I needed to perform boolean operations on Pandas DataFrames with missing data, and was hoping I'd be able to use the same logic. For boolean logic on numpy arrays and Pandas series, we need to use bitwise operators &
/|
/~
. Pandas seems to have behaviour that is partially the same as and
/or
/not
, but partially different. In short, it seems to return False
when the value should logically be unknown.
For example:
a = pd.Series([True,False,True,False])
b = pd.Series([True,True,None,None])
Then we get
> a & b
0 True
1 False
2 False
3 False
dtype: bool
and
> a | b
0 True
1 True
2 True
3 False
I would expect that the output of a & b
should be a Series [True,False,None,False]

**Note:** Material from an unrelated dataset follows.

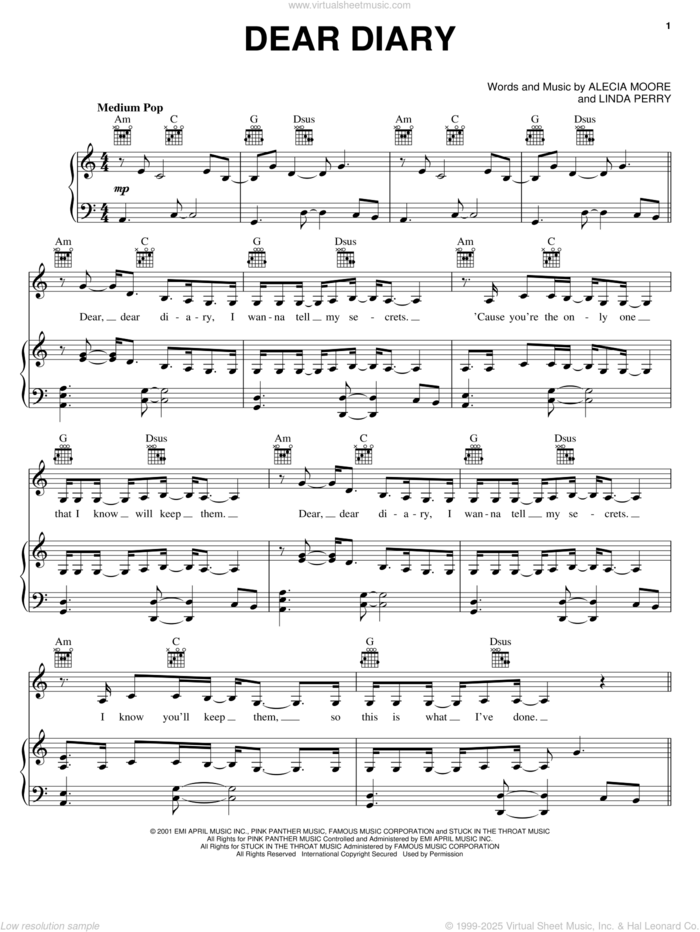 This new feature (still experimental) allows you to ask questions related to this music title to our AI music assistant (powered by OpenAI ChatGPT), trained to answer as an expert on this music title.You may ask questions like "When was this song written?" or "How would you suggest approaching this song?" You can also ask questions about the author or anything else you may think of. Just enter your queries inside the field on the top of the displayed music and click the "Ask" button on the left to start chatting. Remember that the assistant cannot perform catalog searches. It is focused only on this music title. It could also give you wrong or imperfect answers. In that case, click the "regenerate" button on the side of the answer to replace it with a new one. And, of course, you can provide feedback for each answer so we can improve the system. ![]() Dear Diary for voice, piano or guitar, intermediate sheet music. High-Quality and Interactive, transposable in any key, play along. Includes an High-Quality PDF file to download instantly. Licensed to Virtual Sheet Music® by Hal Leonard® publishing company. NOTE: The sample above is just the first page preview of this item. Buy this item to display, print, and play the complete music. Basic Score Info

and that the output of a | b
should be a Series [True,True,True,None]
. The actual result matches what I'd expect except returns False
instead of any missing values.
Finally, ~b
just gives a TypeError:
TypeError: bad operand type for unary ~: 'NoneType'
which seems odd since &
and |
at least partially work.
Is there a better way to carry out boolean logic in this situation? Is this a bug in Pandas?
Analogous tests with numpy arrays just give type errors, so I assume Pandas is handling the logic itself here.